The processor 210 may execute computer instructions (program code) and, when executing the instructions, cause the processing device 140 to perform functions of the processing device 140 in accordance with techniques described herein. The computer instructions may include, for example, routines, programs, objects, components, signals, data structures, procedures, modules, and functions, which perform particular functions described herein. In some embodiments, the processor 210 may process data and/or images obtained from the PET scanner 110, the terminal 130, the storage device 150, and/or any other component of the PET system 100. For example, the processor 210 may determine random coincidence events by processing a plurality of single events based on cycle offsets of detector units that detect the plurality of single events. In some embodiments, the processor 210 may include one or more hardware processors, such as a microcontroller, a microprocessor, a reduced instruction set computer (RISC), an application specific integrated circuits (ASICs), an application-specific instruction-set processor (ASIP), a central processing unit (CPU), a graphics processing unit (GPU), a physics processing unit (PPU), a microcontroller unit, a digital signal processor (DSP), a field programmable gate array (FPGA), an advanced RISC machine (ARM), a programmable logic device (PLD), any circuit or processor capable of executing one or more functions, or the like, or any combinations thereof.

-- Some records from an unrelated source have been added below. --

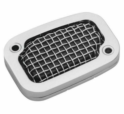 An aggressive custom transformation for the clutch master cylinder. Direct replacement with a three-piece design integrating an aluminum outer frame and baseplate with formed steel mesh insert. Individual components disassemble easily for custom finishes. Reuses stock gasket and includes hardware.
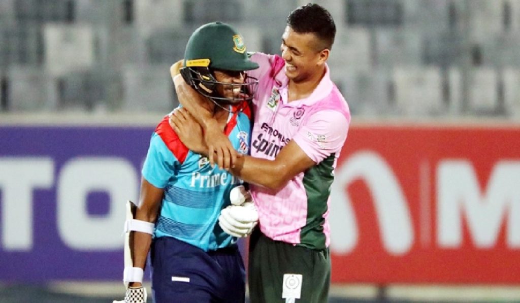 একই ম্যাচে দুই বন্ধু মিলে তুলে নিয়েছেন ৮ উইকেট। সেই দুই বন্ধু মোস্তাফিজ আর তাসকিন। তবে ৫ উইকেট শিকারী মোস্তাফিজ দিনশেষে পরাজিত দলে, ৩ উইকেট শিকারী তাসকিন জয়োৎসব করেছেন। ম্যাচশেষে সামাজিক যোগাযোগ মাধ্যমে দুই বন্ধু মেতেছেন খুনসুটিতেও।
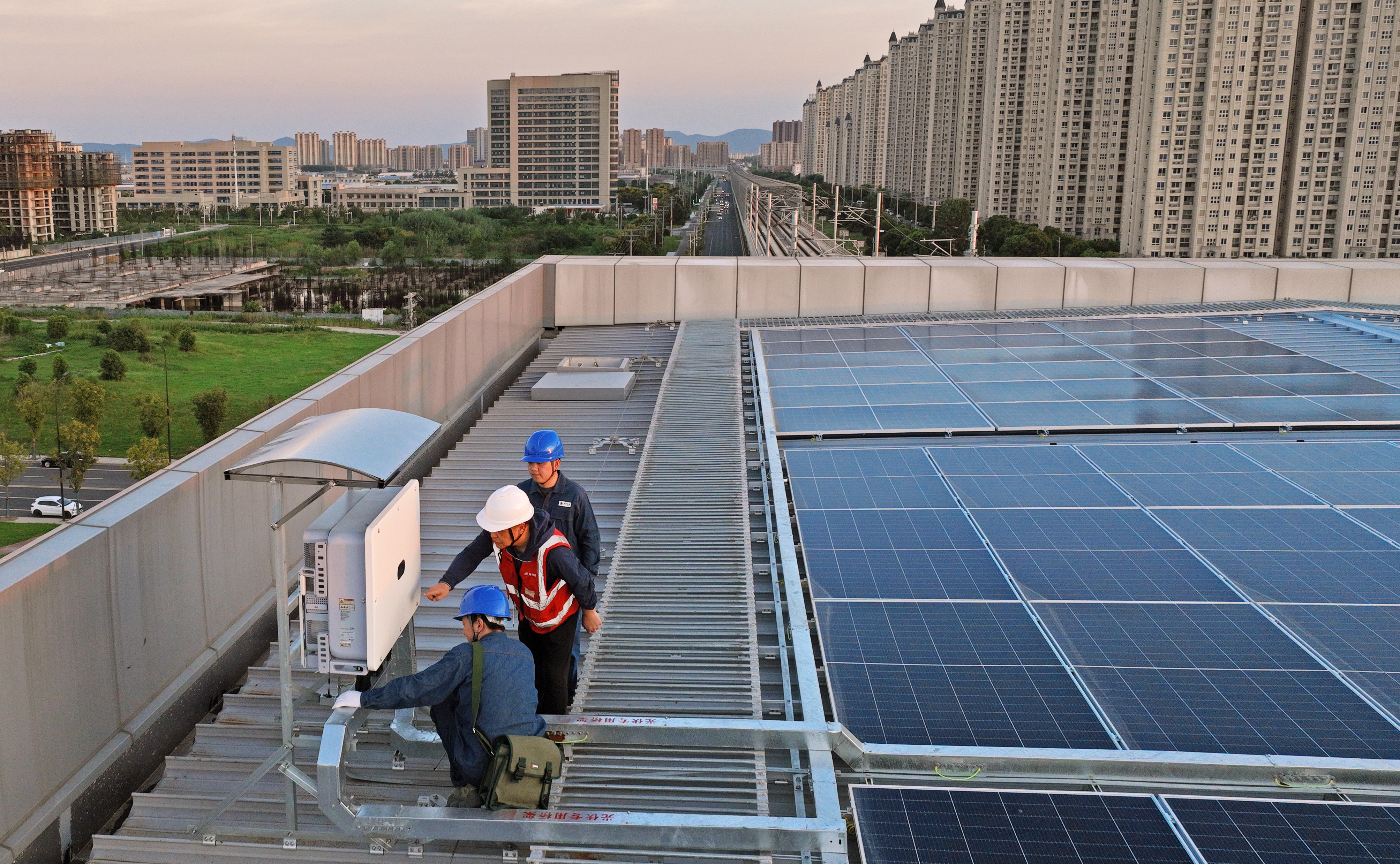 9月3日,國網(wǎng)來安縣供電公司工作人員在滁寧鐵路汊河新城站對全國首個軌道分布式光伏發(fā)電項(xiàng)目開展竣工驗(yàn)收工作。徐艷攝
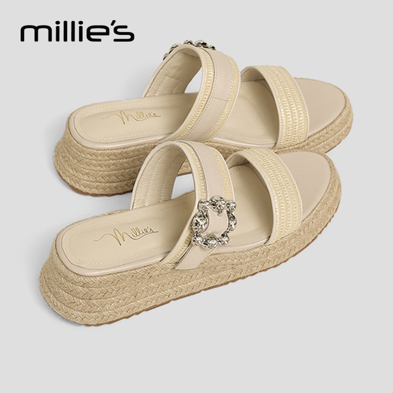 MILLIE'S/妙丽坡跟拖鞋女夏季外穿2025新款时尚百搭草编凉拖鞋
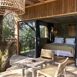 Os quartos com ar condicionado incluem pátio e terraço, equipados com lareira de pedra, e alguns deles são virados para a piscina. Refrigerador e forno também são providenciados. As casas de banho têm chuveiro juntamente com roupões.
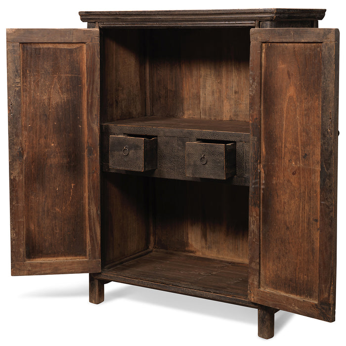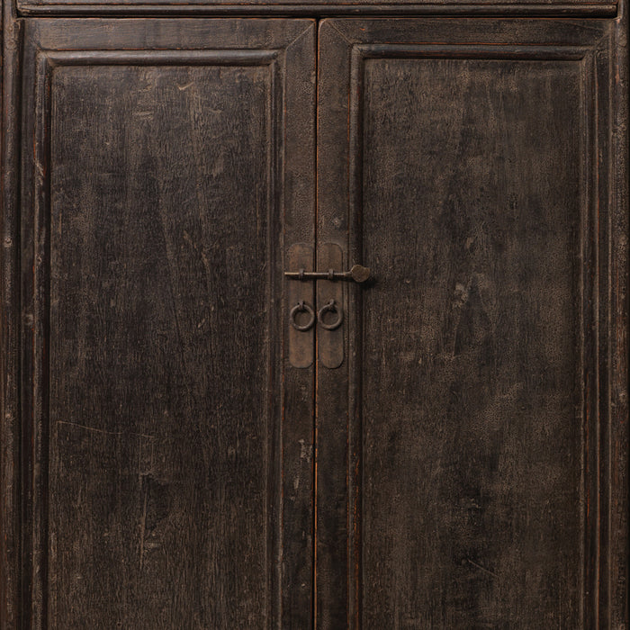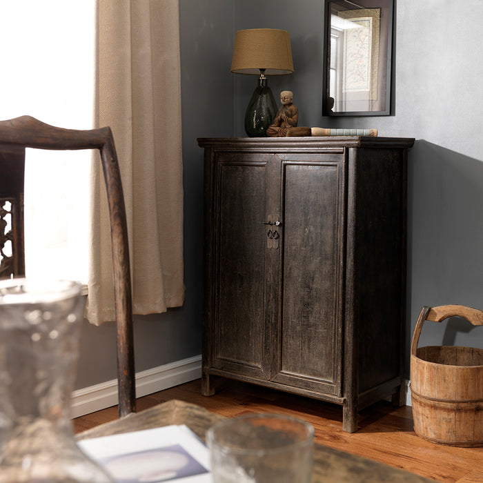 Le design pur et assez austère de ce meuble s'est développé très tôt en Chine et est généralement appelé un style « aux coins arrondis ». Plutôt que d'utiliser des charnières métalliques, les portes sont montées directement dans le cadre supérieur et inférieur de l'armoire sur des chevilles en bois, donnant un aspect simple et minimaliste. Les portes pleine longueur sont placées dans de larges cadres moulés et équipées de la quincaillerie d'origine. La finition laquée noire du meuble est usée mais en grande partie encore intacte, révélant simplement le bois d'orme plus clair dans certaines parties autour des pieds et des cadres. La surface supérieure a une belle patine, avec la laque craquelée par endroits pour donner un caractère merveilleux. L'armoire comporte une seule étagère fixe profonde à l'intérieur, dotée de deux petits tiroirs. D'un design intemporel qui a duré des siècles en Chine, le meuble est dans un état très original et ornerait n'importe quel intérieur d'aujourd'hui.
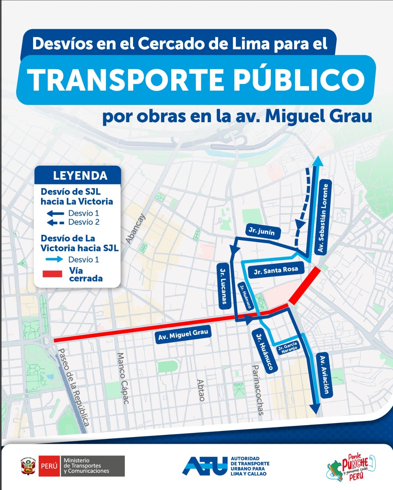 - De San Juan de Lurigancho hacia La Victoria: el tránsito irá por av. Sebastián Lorente, jirones Junín y Lucanas, av. Miguel Grau y av. Aviación para luego retomar su recorrido. En el sentido contrario, circularán por av. Aviación, jr. Huánuco, jr. Santa Rosa, jr. Junín y av. Sebastián Lorente.
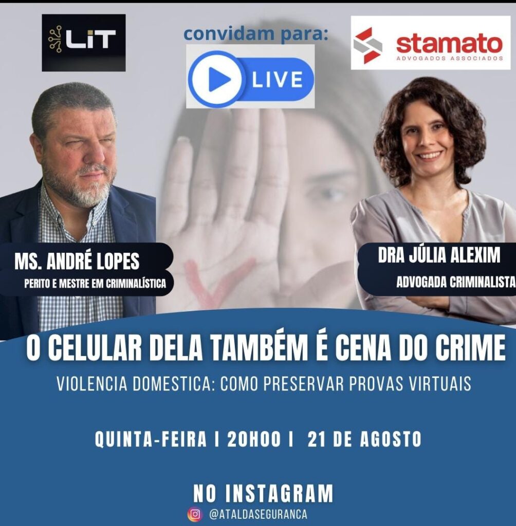 No dia 21 de agosto próximo nossa sócia Julia Alexim, advogada criminalista, participará de uma live no canal A tal da Segurança, do Perito e Mestre em Criminalística André Lopes, para falar sobre provas virtuais e violência doméstica. São mensagens, fotos, áudios, vídeos e até registros de localização que podem ser cruciais para a investigação […]
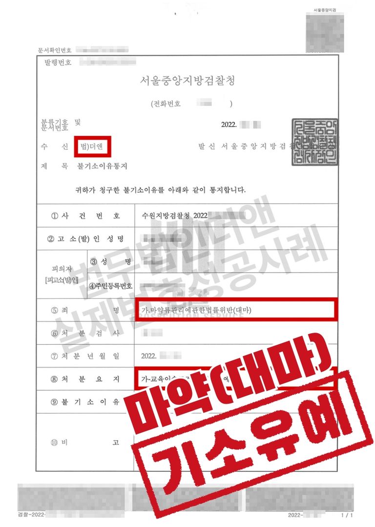 위와 같은 법무법인 더앤의 조력을 바탕으로, A씨는 검사로부터 마약사범 재범방지 교육조건부 기소유예 처분을 받음으로써 일상으로 돌아갈 수 있었습니다.
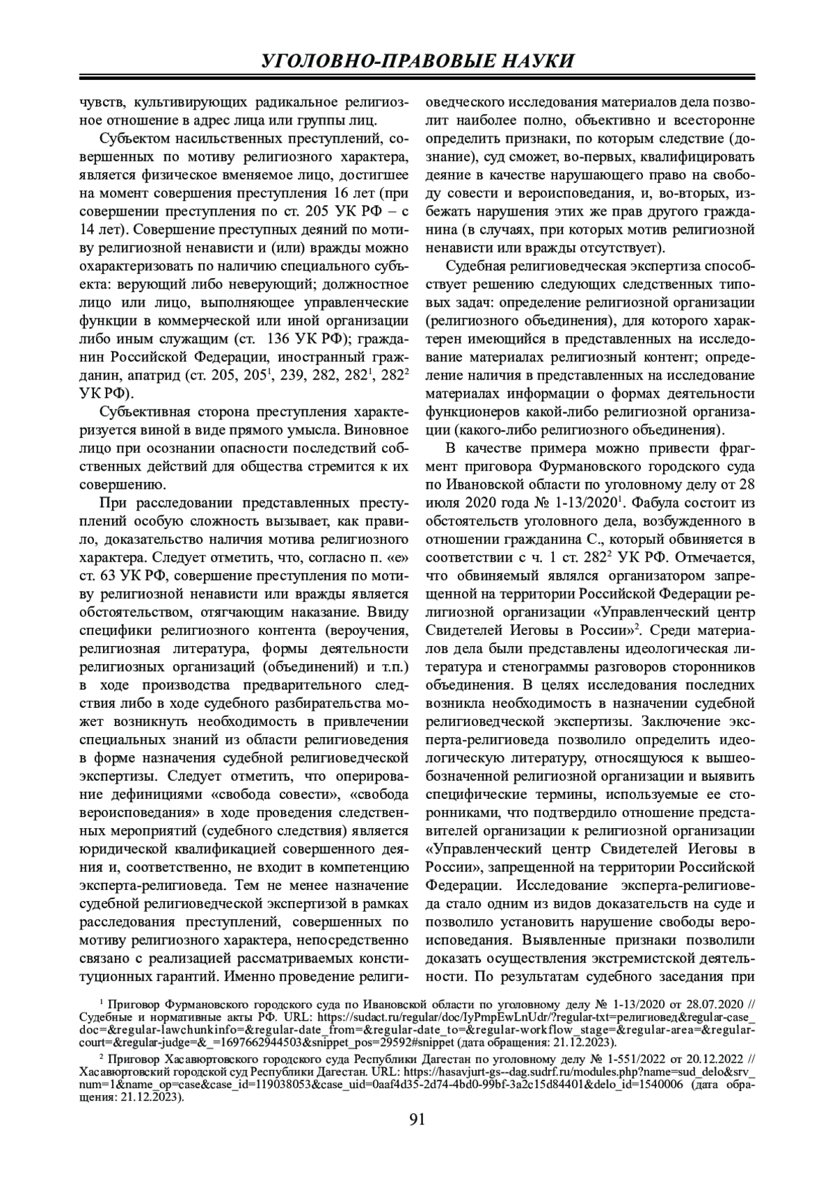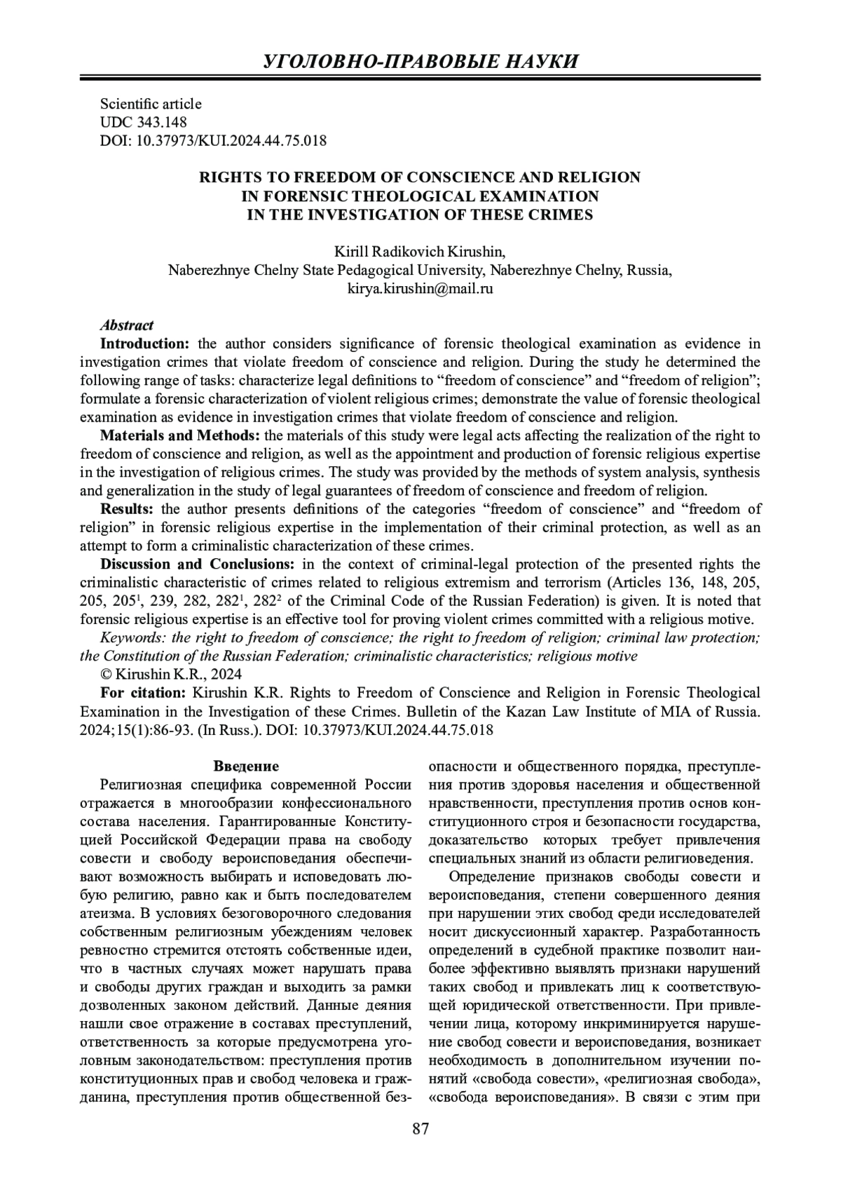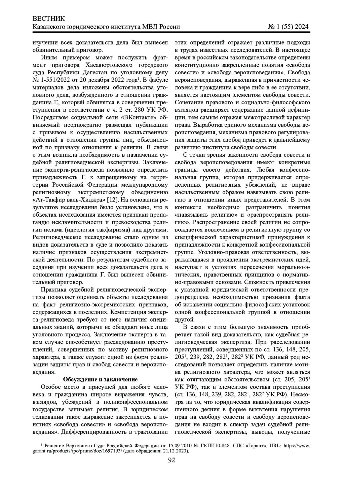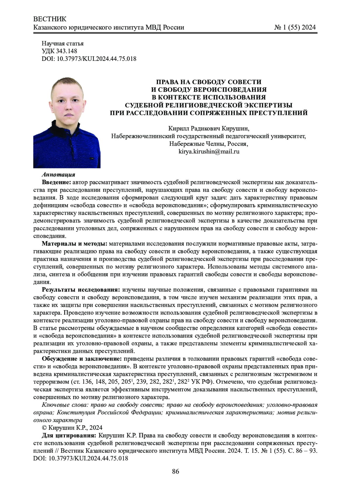Обсуждение и заключение: приведены различия в толковании правовых гарантий «свобода совести» и «свобода вероисповедания». В контексте уголовно-правовой охраны представленных прав приведена криминалистическая характеристика преступлений, связанных с религиозным экстремизмом и терроризмом (ст. 136, 148, 205, 2051, 239, 282, 2821, 2822 УК РФ). Отмечено, что судебная религиоведческая экспертиза является эффективным инструментом доказывания насильственных преступлений, совершенных по мотиву религиозного характер
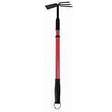 LH016 Features: -Cultivator and hoe.-Durable heat treated heads.-Rust resistant powder coated paint.-Comfortable soft non-slip grip.-Metal ring for convenient hanging storage.-Strong lightweight steel handles.-Extra reach and leverage. Dimensions: -Depth: 25” – 37”.

Merely for illustration, only one processor is described in the computing device 200. However, it should be noted that the computing device 200 in the present disclosure may also include multiple processors. Thus operations and/or method steps that are performed by one processor as described in the present disclosure may also be jointly or separately performed by the multiple processors. For example, if in the present disclosure the processor of the computing device 200 executes both process A and process B, it should be understood that process A and process B may also be performed by two or more different processors jointly or separately in the computing device 200 (e.g., a first processor executes process A and a second processor executes process B, or the first and second processors jointly execute processes A and B).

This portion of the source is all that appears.